I was recently reading an interview of the French filmmaker Jean-Luc Godard where he says, “I’d rather feed 100 percent of 10 people. Hollywood would rather feed 1 percent of 1 million people. Commercially speaking, my way is not better.” We share a similar point of view, and I’ve never been in better company. Another nice quote: “he who leaps into the void owes no explanation to those who watch.” I’m having difficulty tracking down another statement of his (probably from the magazine Cahiers du Cinéma,) so I’ll drastically butcher it into my own speech: don’t let your audience forget that they are watching a film and not acting in it. You are the one in charge, so your work should look like what it is, a film. Don’t get caught up in the illusion. Try and sit through his film “Les Carabiniers” to best understand what that means.
Recommended reading:
Godard on Godard
 Everything Is Cinema

Evans photogragh

I bring this up since I was also recently looking through some reproductions of early 20th century platinum photographs by Frederick H. Evans. At first glance, they look very much like graphite drawings; so much so I had to check the media description to be certain. They would be very tightly rendered graphite drawings, mind you, but examine the print above, “Kelmscott Manor: In the Attics.” An exhibit of his photographs will be on display at the Getty Museum beginning in February 2010.

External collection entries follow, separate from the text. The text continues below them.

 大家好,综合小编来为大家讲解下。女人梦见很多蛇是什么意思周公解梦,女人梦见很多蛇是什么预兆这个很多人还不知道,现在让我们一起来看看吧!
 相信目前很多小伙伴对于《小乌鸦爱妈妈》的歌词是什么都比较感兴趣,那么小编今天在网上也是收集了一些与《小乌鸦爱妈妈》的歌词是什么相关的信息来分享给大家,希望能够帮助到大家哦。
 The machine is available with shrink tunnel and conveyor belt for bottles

I hesitate to show any examples of the sort of tight rendering in pencil that these prints suggest, since I don’t want to be accused of pointing a finger at them for being somewhat inferior. That’s not my point. This is not about an evaluation of skill (or the celebration of it) as it is the pleasure in sharing an artist’s visual translation and the interpretation of their work. It’s about emotional, not visual, accuracy.

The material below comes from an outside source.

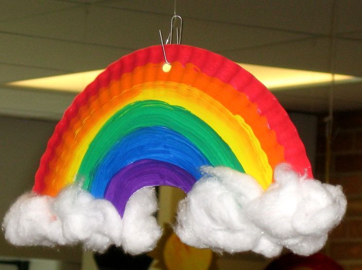 А ось ще одна ідея з одноразових паперових тарілок – розрізаємо одну з них навпіл, робимо знизу невелику «виїмку» та розфарбовуємо нашу веселку. До основи приклеюємо хмари з вати і за допомогою скріпки робимо петельку.

While I would still deeply enjoy seeing pencil renderings of images such as this, it’s when I see the marks made by the artist that I feel as though I’m standing in their shoes as I examine the work. I hear what they are saying and can understand them better than when they render the scene with a high degree of tight detail. In these photographic prints the values are very close and fall within the middle range with very soft gradients reminiscent of graphite powder or controlled watercolor. In fact, I see similarities between these prints and some watercolor studies by Maurice Noble which were made for the Disney film “Snow White and the Seven Dwarves,” done only a decade or so later than the Evans print. Look also at this watercolor by Cass Gilbert circa 1910. Not only do I see here what the artist sees, but also as they see it, even looking into their own mind. It isn’t an approach I use to lose myself in their vision, but a search for clarity.